Der Newcomer, der selber nicht im Parlament sitzen will, wurde auf Anhieb zur stärksten Partei im Abgeordnetenhaus - das ist vorher noch niemandem gelungen, nicht einmal Silvio Berlusconi. Der clowneske Polit-Anarchist will definitiv mit keinem der großen Lager koalieren, er würde sonst seine Grundüberzeugung - Ablehnung des politischen Systems in Italien - verraten und seine Wähler vor den Kopf stoßen. Grillo hofft jetzt darauf, dass nach langen Verhandlungen und endlosem Taktieren keine stabile Koalition zustande kommt, das Land auch in Wochen nicht regierbar ist und Neuwahlen fällig werden. Beobachter sind sich einig, dass er dann weiter zulegen und endgültig als strahlender Sieger aus dem Votum hervorgehen würde.

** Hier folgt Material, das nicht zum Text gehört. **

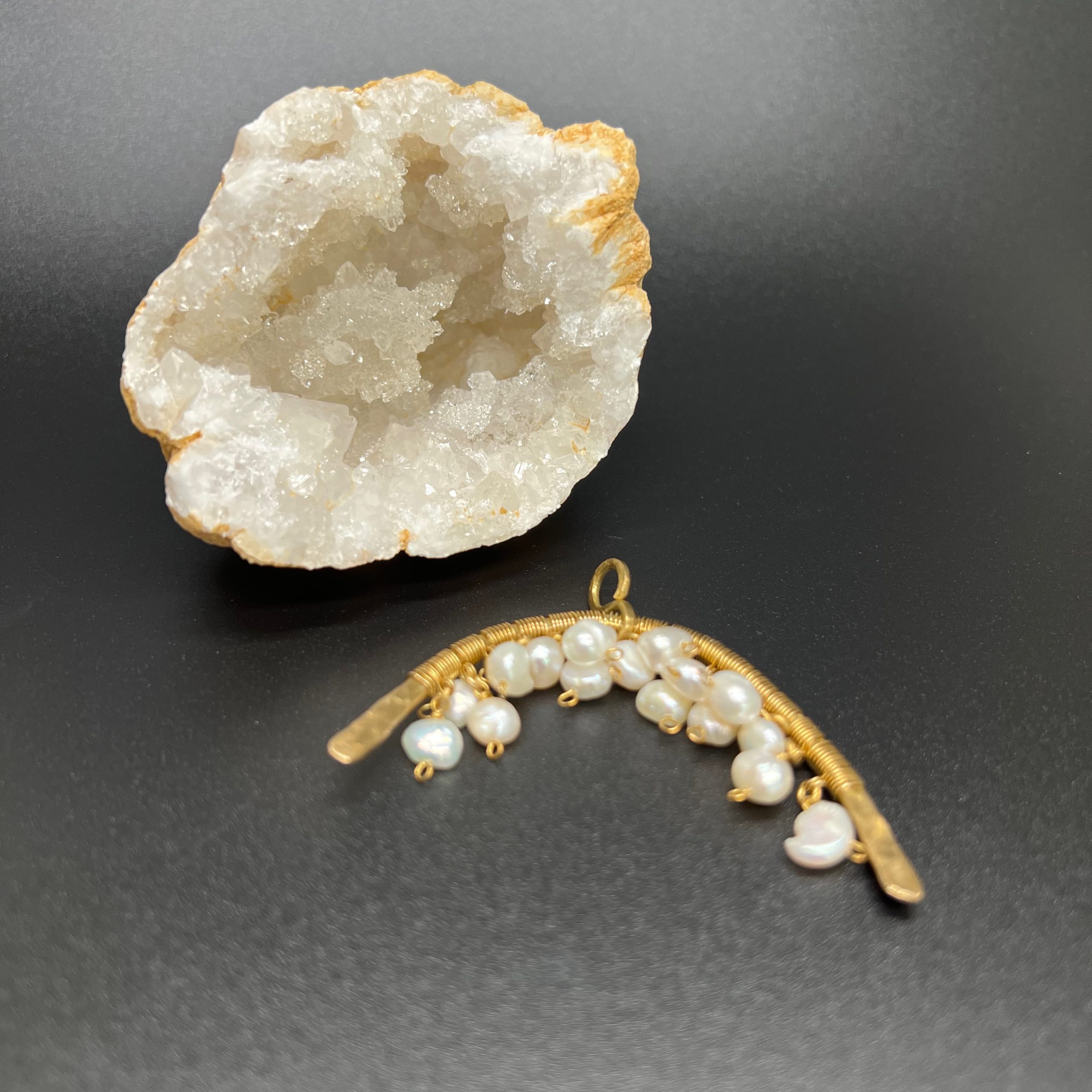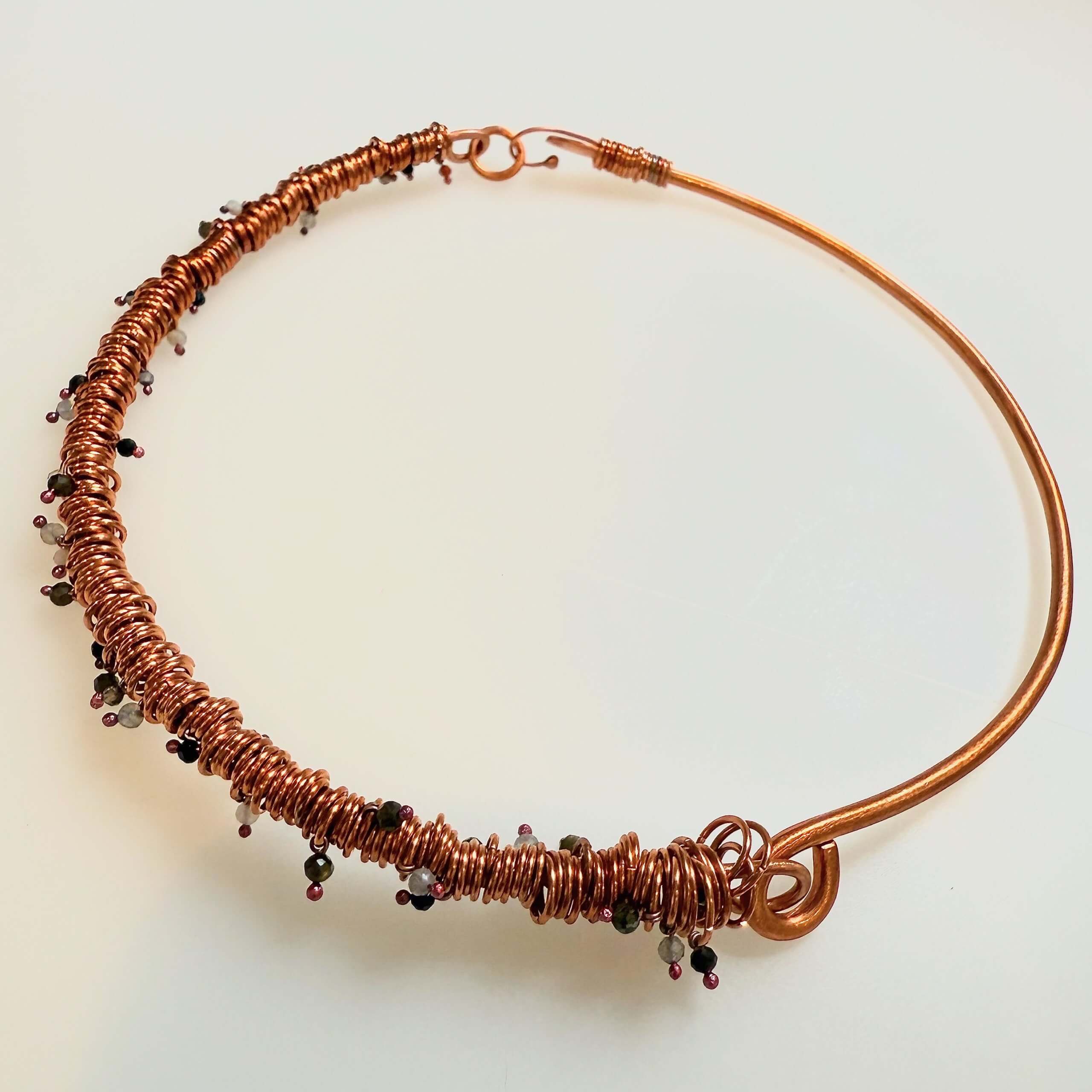 So immediately when I saw the pearls I thought to myself, okay, I can see them embraced and caressed by a slinky copper and brass graduated chain weave! I wanted the metal to continue the 3D flow of the pearls and to carry their colours and play with them. To be fluid, liquid-like in its movement. To never look the same twice.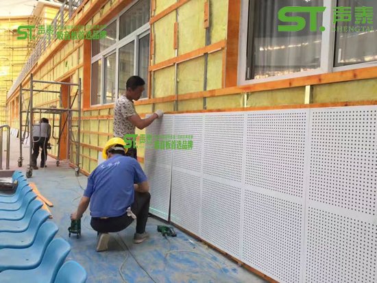 貴州遵義活動中心無機通孔吸聲板現場安裝圖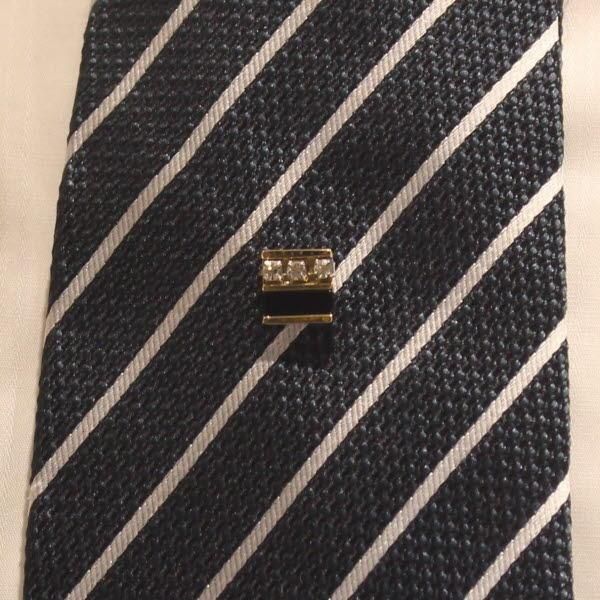艶やかなゴールドにクリアとブラックのストーンが輝くタイタックです。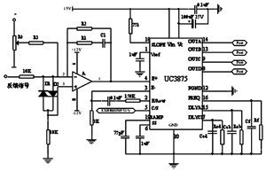 PWM移相控制是通過(guò)UC3875的誤差放大器來(lái)實(shí)現(xiàn)的,在UC3875的4角上接PI調(diào)節(jié)器,利用電壓傳感器將輸出電壓與給定基準(zhǔn)電壓相比較,從而控制A、B與C、D之間的相位,最終調(diào)整波形占空比,使電源穩(wěn)定在預(yù)定值上。A/B、D/C兩個(gè)半橋,可單獨(dú)進(jìn)行導(dǎo)通延時(shí)(即死區(qū)時(shí)間)的控制,在該死區(qū)時(shí)間內(nèi)確保下一個(gè)功率開(kāi)關(guān)器件的輸出電容放電完畢,為即將導(dǎo)通的開(kāi)關(guān)器件提供電壓開(kāi)通條件。圖3所示是本設(shè)計(jì)的控制電路圖。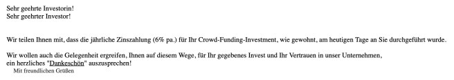 Einige Crowd Investments laufen im direkten Kontakt mit den Unternehmen ab. Diese Woche hatte ich Spörk Antriebstechnik mit Zinsen geplant. Am Montag kam ein nettes Infomail und am Dienstag war die Überweisung am Girokonto.

Die Hoffnungen Grillos sind wahr geworden. Die Situation ist zumindest auf den ersten Blick verfahren, das Gespenst der Polit-Blockade geht um. Das politische Zentrum um "Sparmeister" Mario Monti, der große europäische Reform-Hoffnungsträger, ist eingebrochen und damit eindeutiger Verlierer der Wahl. Erfolgreicher Verlierer der Wahl ist der bereits totgeglaubte Silvio Berlusconi: Das Polit-Urgestein mit bizarr anmutenden Vorlieben für junge Damen sitzt wieder mit auf dem Tisch, er hat dem Linksbündnis unter Pier Luigi Bersani den Weg an die Macht verstellt. Die Mandatsmehrheit im Senat hat der Mitte-Rechts-Block aber zuletzt doch noch knapp verfehlt - damit wurde Berlusconi um einen wichtigen symbolischen Triumph gebracht. Er kann sich nicht mehr als Teil-Sieger präsentieren. Trotzdem ist Berlusconi - für viele längst der Alptraum schlechthin - wieder im Spiel. Seit zwei Jahrzehnten dominiert der Tycoon die politische Szene Italiens, jetzt bleibt er den Italienern als umstrittenster Nachkriegs-Politiker erhalten.
Angedacht - und verworfen

Bereits in der Wahlnacht war auch im linken Lager zaghaft über ein Bündnis mit den Rechten spekuliert worden, der Gedanke wurde aber schnell wieder verworfen. Am Montag hat Mitte-Links eine derartige Option definitiv ausgeschlossen. Berlusconi, dem die Justiz im Nacken sitzt und der verschiedene Verfahren am Hals hat, will eine solche Koalition, er umwirbt seine Gegner in der Hoffnung, dass sie an ihm nicht vorbeikommen: Angesichts der schwierigen Situation müssten nun beide Seiten "Opfer bringen", so der Cavaliere, er sei zum Deal bereit.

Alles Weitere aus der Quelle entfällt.